Страница 9 из 14
И Зверев ему сказал:
– Дядя Жора, вы успокойтесь. Ну, пропали мои работы. Обгорели. Или сгорели. Ничего! Еще нарисую!
И Костаки его спросил, благодарно, взволнованно:
– Правда?
Зверев, искренне, просто:
– Правда!
И Костаки, пусть и с трудом, но по-детски совсем, – улыбнулся.
Зверев:
– Есть акварель, бумага?
И ответил Костаки:
– Есть!
Зверев:
– Ясно. Несите сюда!
И немедленно появились на столе акварель и бумага.
Зверев:
– Кисти нужны!
И вскоре на столе появились кисти.
Зверев:
– Миска с водой нужна!
И костакинские домочадцы притащили миску с водой.
Зверев:
– Так. Дядя Жора, у вас есть какой-нибудь красный шарфик?
И Костаки:
– Сейчас поищу.
И нашел. И принес его:
– Вот.
Зверев:
– Так. Накиньте-ка шарфик. И садитесь. Буду работать.

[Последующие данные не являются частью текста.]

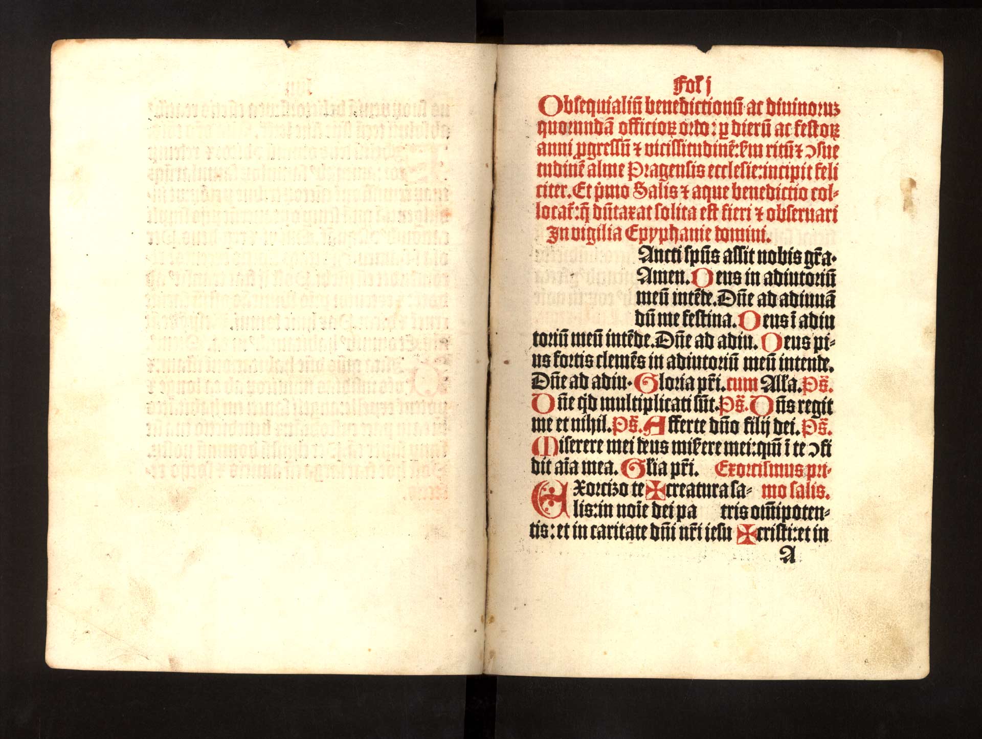 Ja-1-03) Vlastní text benedikcionálu je uvozen žehnáním soli a vody v předvečer svátku Tří králů. Prázdné místo na začátku černého textu bylo určeno pro domalování iniciály, která však doplněna nebyla.

И Костаки накинул шарф, красный, даже багровокрасный, словно пламя, себе на шею.
Зверев:
– Так. Смотрите сюда, на меня.
И – начал работать.
Как всегда. Не быстро – стремительно. Весь – в полете, в буйном движении. Весь – в порыве. И весь – в труде.
И взлетала рука его, гибкая и подвижная, крепкая, верная и надежная, легкая, певчая и крылатая, так мне хочется о рабочей зверевской, бережно сохраняемой им в любых передрягах руке сказать, вверх и вниз, то влево, то вправо отклонялась, к центру листа, вместе с кистью широкой, рвалась отовсюду туда, где цвет становился светом, где краски заполняли неудержимо белизну бумаги, где образ возникал из ритма, движений непрерывных, и постепенно становился уже узнаваемым, четким, точным, дышал, оживал на глазах у нас, укрупнялся и сгущался, весь – в окружении синкопическом, бурном, звонком, словно музыка здесь звучала, броских пятен, точек, мазков, артистичных и виртуозных, и всего, что было сейчас и оправданным, и возможным, и реальным, и фантастическим, даже сказочным, так вернее, да, вернее, поскольку сказка становилась явью, сегодняшней, несомненной, чудесной, зримой, и – волшебной рукой творимой.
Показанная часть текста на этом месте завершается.